Try it: Transcribe, exactly and in full, every record shown below, while omitting its images.

Listed entries:
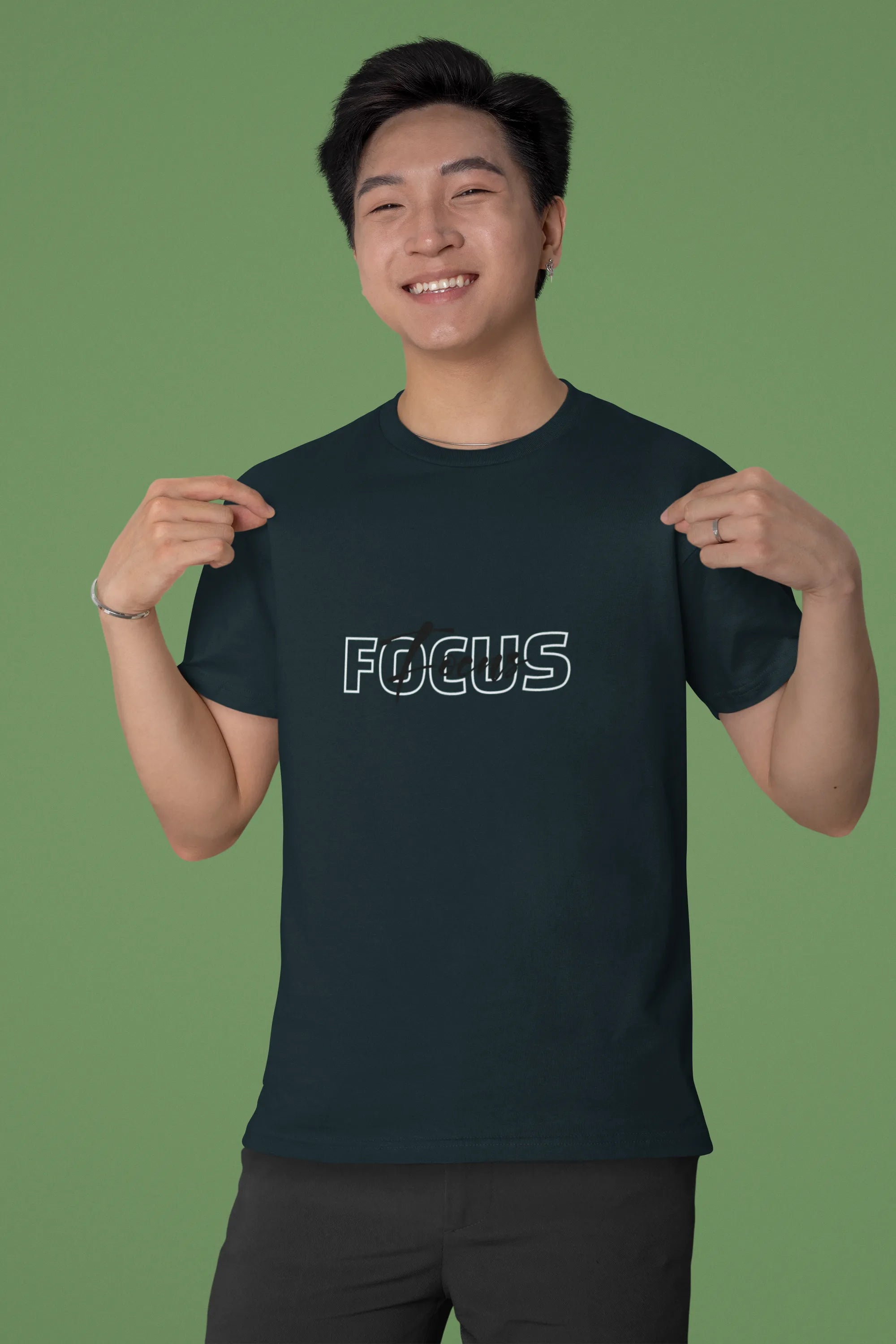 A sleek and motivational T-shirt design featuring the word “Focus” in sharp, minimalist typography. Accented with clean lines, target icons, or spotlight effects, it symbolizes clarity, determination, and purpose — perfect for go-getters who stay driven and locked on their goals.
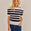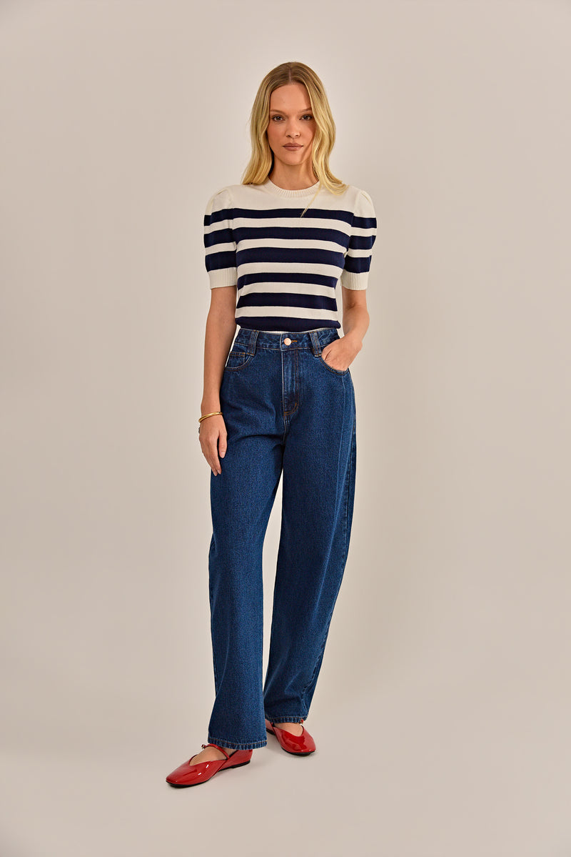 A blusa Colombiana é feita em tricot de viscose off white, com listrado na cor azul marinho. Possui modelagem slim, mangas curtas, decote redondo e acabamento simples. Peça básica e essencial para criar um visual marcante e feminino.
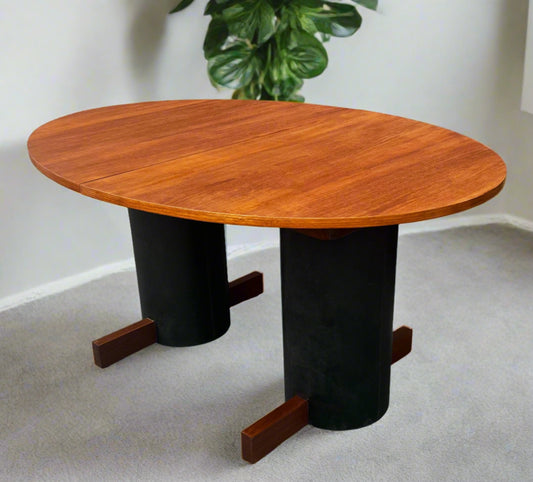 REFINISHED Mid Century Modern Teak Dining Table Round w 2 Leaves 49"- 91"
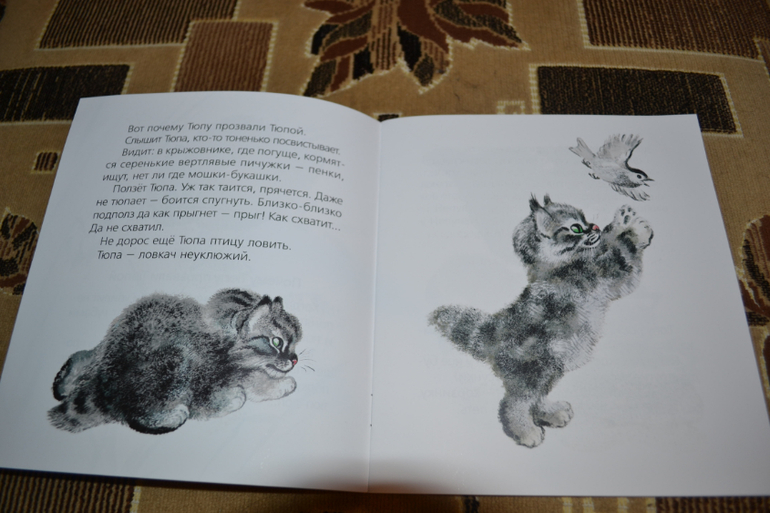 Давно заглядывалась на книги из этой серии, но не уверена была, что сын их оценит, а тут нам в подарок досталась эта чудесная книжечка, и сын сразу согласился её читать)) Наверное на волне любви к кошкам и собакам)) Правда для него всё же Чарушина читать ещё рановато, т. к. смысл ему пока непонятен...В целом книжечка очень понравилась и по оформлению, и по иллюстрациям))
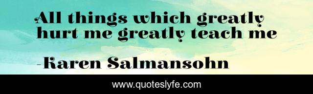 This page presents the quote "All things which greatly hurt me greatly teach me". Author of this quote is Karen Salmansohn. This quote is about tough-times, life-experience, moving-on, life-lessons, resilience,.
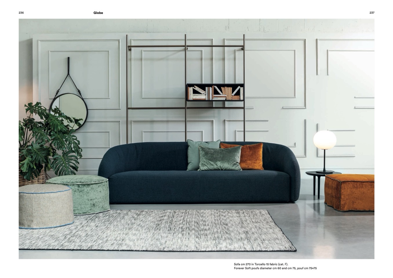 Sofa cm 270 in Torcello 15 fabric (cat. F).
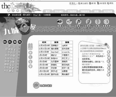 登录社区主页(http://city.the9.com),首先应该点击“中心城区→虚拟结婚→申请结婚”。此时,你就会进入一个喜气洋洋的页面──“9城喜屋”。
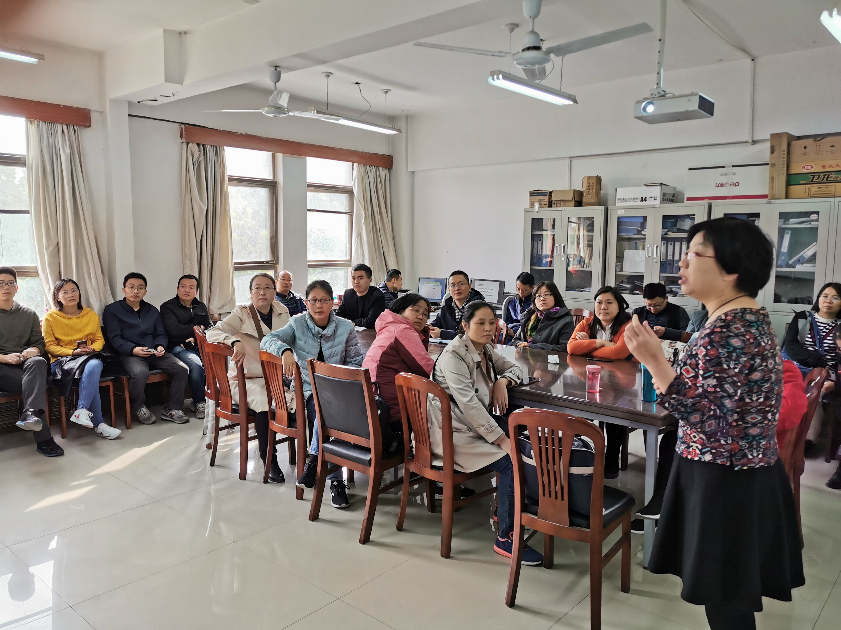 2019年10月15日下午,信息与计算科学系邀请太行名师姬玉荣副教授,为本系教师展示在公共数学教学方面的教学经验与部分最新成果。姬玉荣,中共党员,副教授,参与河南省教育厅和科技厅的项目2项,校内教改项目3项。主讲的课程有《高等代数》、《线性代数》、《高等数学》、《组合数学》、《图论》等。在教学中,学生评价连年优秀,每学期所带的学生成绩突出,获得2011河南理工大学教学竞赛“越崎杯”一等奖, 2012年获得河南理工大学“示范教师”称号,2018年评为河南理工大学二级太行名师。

Output for this exercise:
 A sleek and motivational T-shirt design featuring the word “Focus” in sharp, minimalist typography. Accented with clean lines, target icons, or spotlight effects, it symbolizes clarity, determination, and purpose — perfect for go-getters who stay driven and locked on their goals.
 A blusa Colombiana é feita em tricot de viscose off white, com listrado na cor azul marinho. Possui modelagem slim, mangas curtas, decote redondo e acabamento simples. Peça básica e essencial para criar um visual marcante e feminino.
 REFINISHED Mid Century Modern Teak Dining Table Round w 2 Leaves 49"- 91"
 Давно заглядывалась на книги из этой серии, но не уверена была, что сын их оценит, а тут нам в подарок досталась эта чудесная книжечка, и сын сразу согласился её читать)) Наверное на волне любви к кошкам и собакам)) Правда для него всё же Чарушина читать ещё рановато, т. к. смысл ему пока непонятен...В целом книжечка очень понравилась и по оформлению, и по иллюстрациям))
 This page presents the quote "All things which greatly hurt me greatly teach me". Author of this quote is Karen Salmansohn. This quote is about tough-times, life-experience, moving-on, life-lessons, resilience,.
 Sofa cm 270 in Torcello 15 fabric (cat. F).
 登录社区主页(http://city.the9.com),首先应该点击“中心城区→虚拟结婚→申请结婚”。此时,你就会进入一个喜气洋洋的页面──“9城喜屋”。
 2019年10月15日下午,信息与计算科学系邀请太行名师姬玉荣副教授,为本系教师展示在公共数学教学方面的教学经验与部分最新成果。姬玉荣,中共党员,副教授,参与河南省教育厅和科技厅的项目2项,校内教改项目3项。主讲的课程有《高等代数》、《线性代数》、《高等数学》、《组合数学》、《图论》等。在教学中,学生评价连年优秀,每学期所带的学生成绩突出,获得2011河南理工大学教学竞赛“越崎杯”一等奖, 2012年获得河南理工大学“示范教师”称号,2018年评为河南理工大学二级太行名师。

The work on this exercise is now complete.